Over 200 GLP1 weight problems applications are in improvement immediately. Greater than 300 PD1/PDL1 most cancers applications exist. Better than 150 applications goal every of CD19 and KRAS. Therapeutic crowding has ratcheted up the aggressive depth in biotech to new ranges.
Whereas a perennial concern for many years within the biopharma business round “sizzling” mechanisms of motion (e.g., statins and SSRIs within the Nineteen Nineties, TNFs within the 2000s, PD1’s within the 2010s, GLPs immediately), this herding into well-established mechanisms has accelerated lately – each within the quantity of exercise and within the tempo of competitors.

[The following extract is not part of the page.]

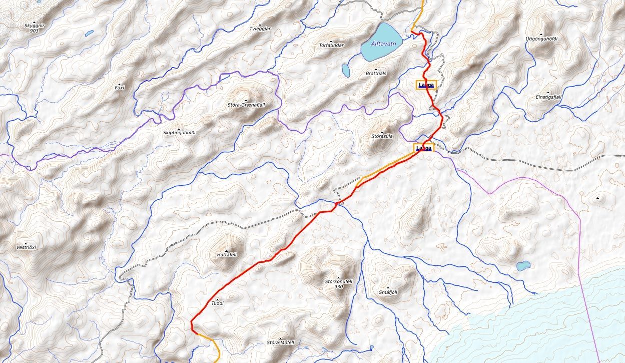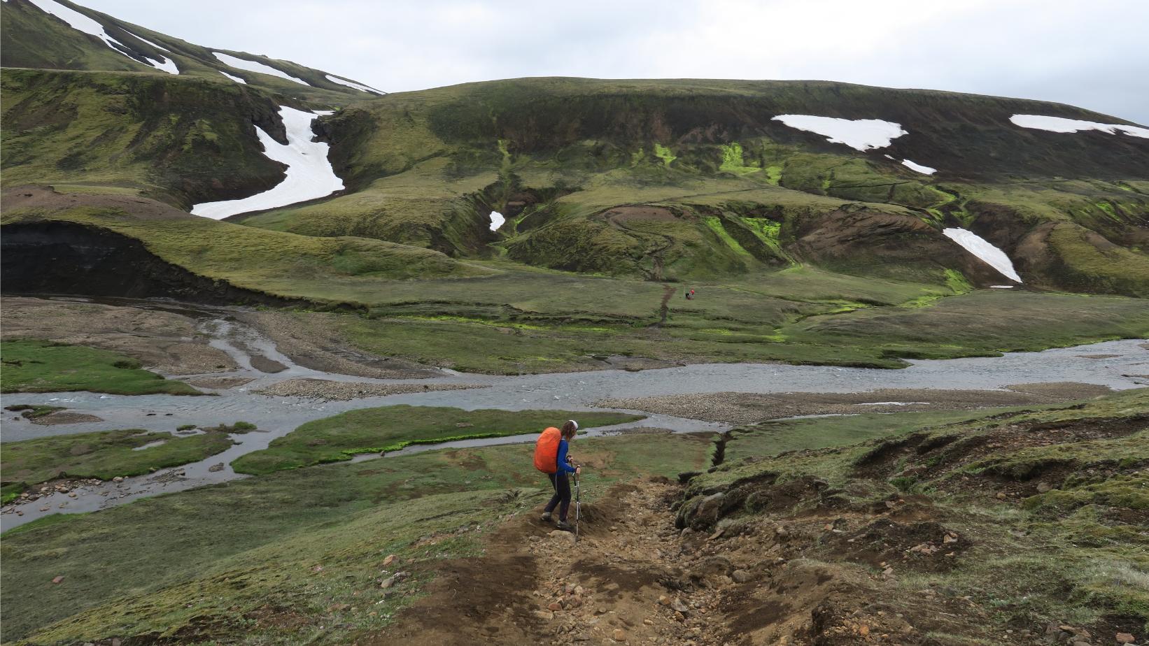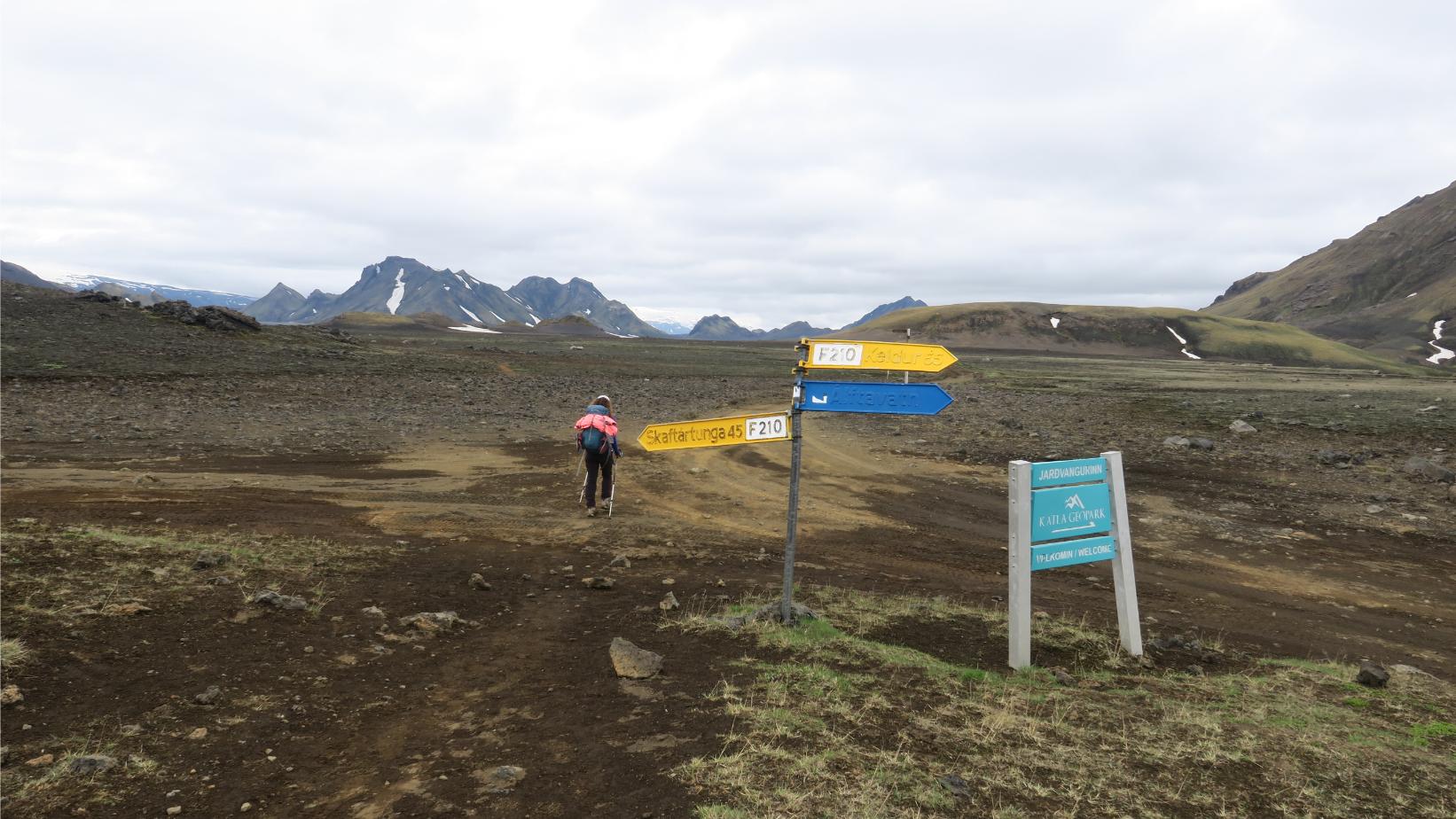 La esbelta Stórasúla sigue siendo la gran protagonista, quedando a mano derecha mientras la comenzamos a rodear por el sur. Así, tras un breve repecho, cruzamos una pista (carretera F210) y seguimos por la senda, donde un largo y suave descenso nos aproxima al Refugio de Hvanngil (4,11 km; 1 hora y 35 minutos; 573 metros de altitud), donde también hay una amplia zona de acampada.

Right here on this weblog we’ve coated these subjects numerous occasions prior to now, with the “March of the Lemmings” in most cancers in 2012 and “I/O: The Strategic Supernova In Most cancers Right now” in 2016.
However with the rise of China’s revolutionary sector, the proliferation of biologic medicine coded by DNA, and greater than dozen years of considerable capital, to call just some issues – the problem has solely gotten worse.
As illustrated in LEK’s Might 2025 report “Is Biopharma Doing Sufficient to Advance Novel Targets?” the size of the present crowding problem is staggering. All of those targets have at the least 50 applications in opposition to them in preclinical or scientific improvement.
Additional, the tempo of “quick follower” medicine is hanging relative the previous: in response to PhRMA’s latest report on innovation, the common time for a drug class to have three FDA approvals in it went from ~15 years in 1990-2003 to ~2 years in 2013-2021.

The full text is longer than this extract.